§ **Data section**:
+++

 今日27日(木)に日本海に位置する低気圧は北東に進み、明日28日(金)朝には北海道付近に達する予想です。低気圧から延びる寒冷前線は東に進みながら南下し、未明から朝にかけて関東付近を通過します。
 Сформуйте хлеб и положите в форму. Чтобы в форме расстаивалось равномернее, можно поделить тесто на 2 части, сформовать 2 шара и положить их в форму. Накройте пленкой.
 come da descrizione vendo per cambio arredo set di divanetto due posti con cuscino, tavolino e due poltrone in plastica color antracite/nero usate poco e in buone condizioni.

+++

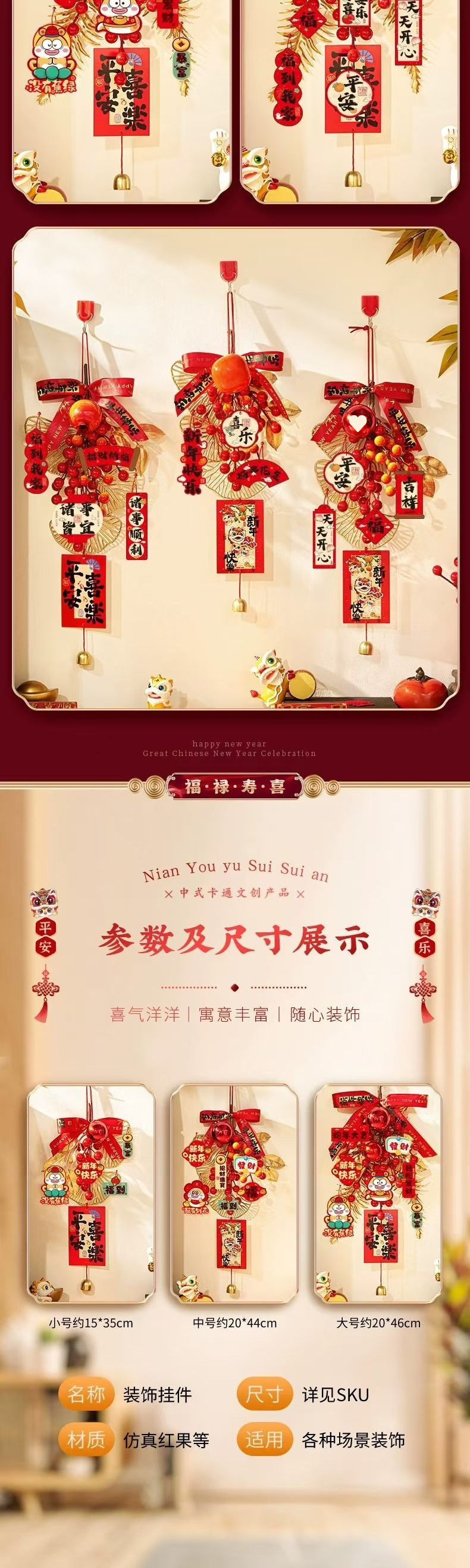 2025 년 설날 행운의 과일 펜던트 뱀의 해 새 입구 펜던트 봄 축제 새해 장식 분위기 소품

+++

Going back over the entries above, copy word for word every line from the one that has "Сформуйте хлеб и" on through the one that has "come da descrizione".

§ **Final answer**:
 Сформуйте хлеб и положите в форму. Чтобы в форме расстаивалось равномернее, можно поделить тесто на 2 части, сформовать 2 шара и положить их в форму. Накройте пленкой.
 come da descrizione vendo per cambio arredo set di divanetto due posti con cuscino, tavolino e due poltrone in plastica color antracite/nero usate poco e in buone condizioni.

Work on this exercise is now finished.